Architecture: Dual-System Decision-Making
According to the paper, PACT invokes the SLM asynchronously to generate and validate candidate action plans. The SLM operates in a deliberative mode, producing plans that are then verified through simulation as safe, feasible, and complete. Once a plan passes verification, it is executed directly, bypassing the RL policy entirely. This design does not require retraining or modifying the existing RL policy, allowing for seamless integration.
The SLM backbone used in the experiments is a 2-billion-parameter model, which provides the deliberative reasoning necessary for complex planning tasks.
Evaluation on FrozenLake
The researchers evaluated PACT on three configurations of the FrozenLake environment, each of increasing difficulty. FrozenLake is a classic grid-world problem where an agent must navigate from start to goal while avoiding holes. The results showed that PACT outperformed all baselines across the tested configurations.
"Deliberative planning and reactive execution are more powerful in concert than either is alone in these settings."
The study highlights that the combination of fast reactive responses and slow, deliberative planning enables the system to handle unfamiliar situations where pure RL policies would typically fail.
Implications for Autonomous Systems
While the research was conducted in a simulated environment, the PACT architecture has potential applications for autonomous systems that require both immediate reaction and long-term planning. For example, in robotics or automated control, a system could use a reactive policy for routine operations while invoking the SLM planner when encountering novel or uncertain conditions. The asynchronous invocation means the deliberative process does not slow down real-time responses, as the SLM runs in parallel.
Key Components of PACT
- Plan: The SLM generates candidate action plans based on the current state.

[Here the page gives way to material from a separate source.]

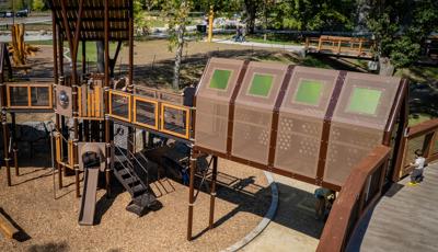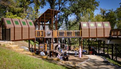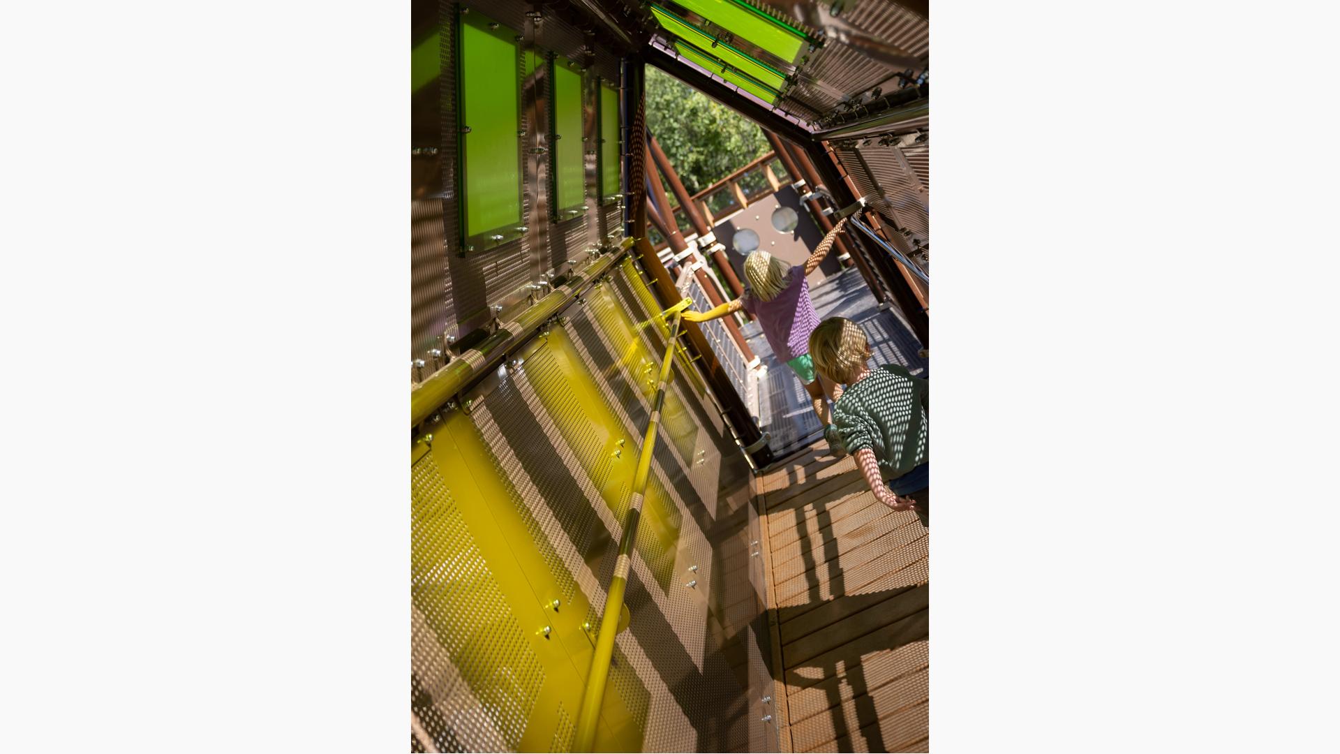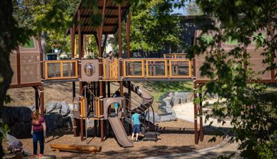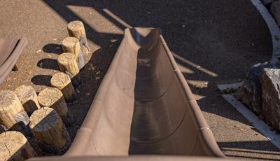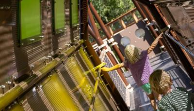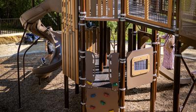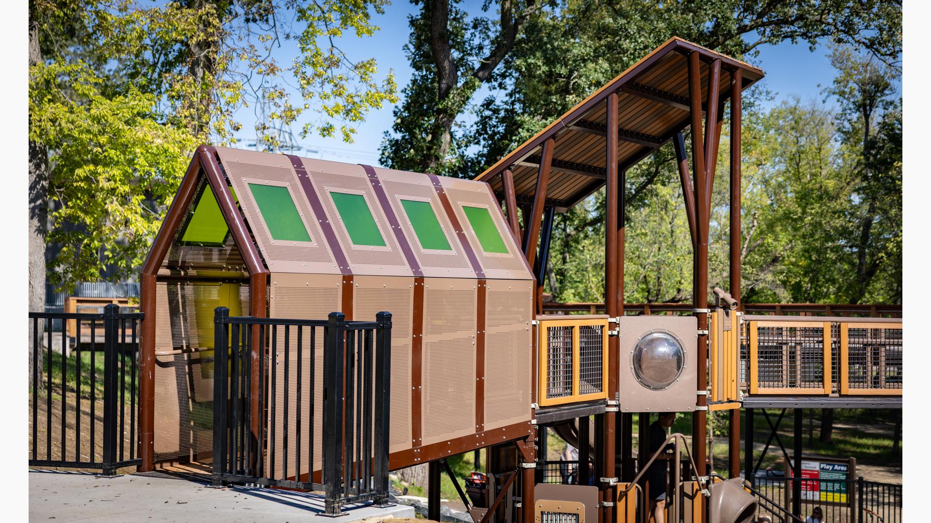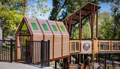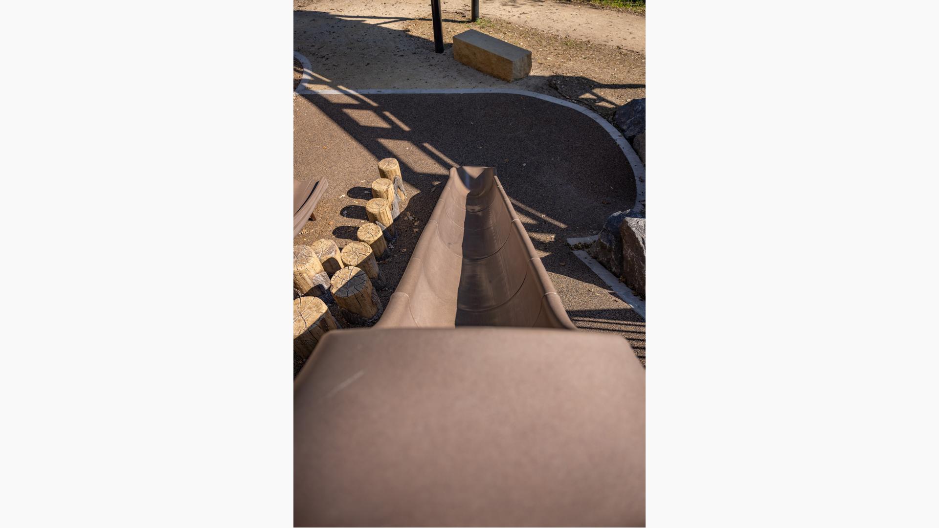 Designed to work with the features of the land and topography, the play experience unfolds along the natural slope at the trail's edge. Custom bridges with acrylic "window" panels span the gaps between the PlayBooster® tower and call to mind historic railroad tunnels from the industrial era. Several slides follow the terrain's downward slope from an upper to a lower trail section, while Log Steppers® lead the way back up the bank, encouraging movement that feels intuitive and adventurous. The multifaceted PlayBooster tower anchors the space with climbing routes, interactive play panels, and a choice of slides.

- Align: Plans are aligned with the environment's constraints and goals.
- Commit: A plan is committed only after verification through simulation.
- Think: The system continuously refines its planning through deliberation.
The architecture is designed to be modular, allowing the RL policy and SLM to operate independently while sharing a common interface for plan execution.
Conclusion
The PACT approach demonstrates that hybrid architectures combining fast reactive policies with slow deliberative models can achieve superior performance in complex decision-making tasks. By leveraging a small language model for planning, the system benefits from the reasoning capabilities of language models without the computational overhead of larger models. This research opens up avenues for integrating language model deliberation into reinforcement learning systems for real-world applications where reliability and adaptability are critical.